Gradient Boosting employs a group of linear regression methods to boost the predictive accuracy of a linear model. Gradient Boosting has a higher possible predictive accuracy vs other regression techniques.
model_GBM <- gbm(EV~., data = train, distribution = "tdist", n.trees = 1000, interaction.depth = 11, shrinkage = 0.02)
This section contains evaluations of regression model assumptions. The Anderson-Darling Goodness of Fit Test is a measure of how well your data fits a specified distribution.
Statistic | P-Value | |
---|---|---|
A | 18304.14 | 3.7e-24 |
Statistic | P-Value | |
---|---|---|
A | 49677.9 | 3.7e-24 |
Statistic | P-Value | |
---|---|---|
A | 49749.63 | 3.7e-24 |
Predictive Analytics is a group of algorithmic statistical methods that create predictions of future data values from regressions of historical data.
pred_LN <- predict(model_LN, newdata = test)
pred_RF <- predict(model_RF, newdata = test)
pred_GBM <- predict(model_GBM, newdata = test)
The Performance Measurement Metrics applied are R-Squared, Root Mean Square Error, and Mean Absolute Error.
## R2 RMSE MAE
## 1 0.10474 0.9462617 0.2314958
## R2 RMSE MAE
## 1 0.9994026 0.0262715 0.003995913
## R2 RMSE MAE
## 1 1 0.01363724 0.00315309
This document utilizes a Machine Learning pipeline to predict EV ownership from an electricity consumption dataset that includes information about electricity consumption of 186,558 customers. Twenty-five observations were assembled for each customer in the dataset. The objective is to determine the most effective method of predicting EV ownership from available Machine Learning techniques.

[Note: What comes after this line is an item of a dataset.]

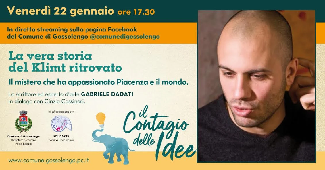 Dopo l’anteprima con il prof. Cavanna, la rassegna culturale online organizzata dalla biblioteca di Gossolengo riparte venerdì 22 gennaio con ospite lo scrittore Gabriele Dadati. Si parlerà del Klimt ritrovato e di come arte e bellezza possano essere antidoto all’isolamento e risorsa per il territorio.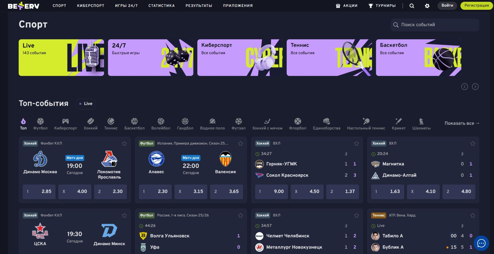 Доступны популярные направления: футбол, хоккей, теннис, баскетбол, волейбол, бокс, киберспорт и даже настольный теннис.

When exploring the dataset, it is found that around 15 observations are sparse time series data that are treatable as independent observation for the purpose of regression analysis. About 5 of the 25 observations have missing values, that are then imputted with column means. The dataset many outliers values, that are retained in consideration of having patterns that assist with the Machine Learning of EV customers. For regression modeling, the character columns are converted to factors then to numeric values, and normalized via min/max scaling. The dataset contains left skewed independent variables that are not normally distributed, corresponding with the high level of outliers. One of the greatest predictors of EV in the dataset is bill_1_2023.
After cross-validation of the dataset with train/test sets, three regression models were applied, Linear Modeling, Random Forest, and Gradient Boosting Machines. RF and GBM demonstrate the ability to predict the values in the test set perfectly. However, basic linear regression had only 11% accuracy.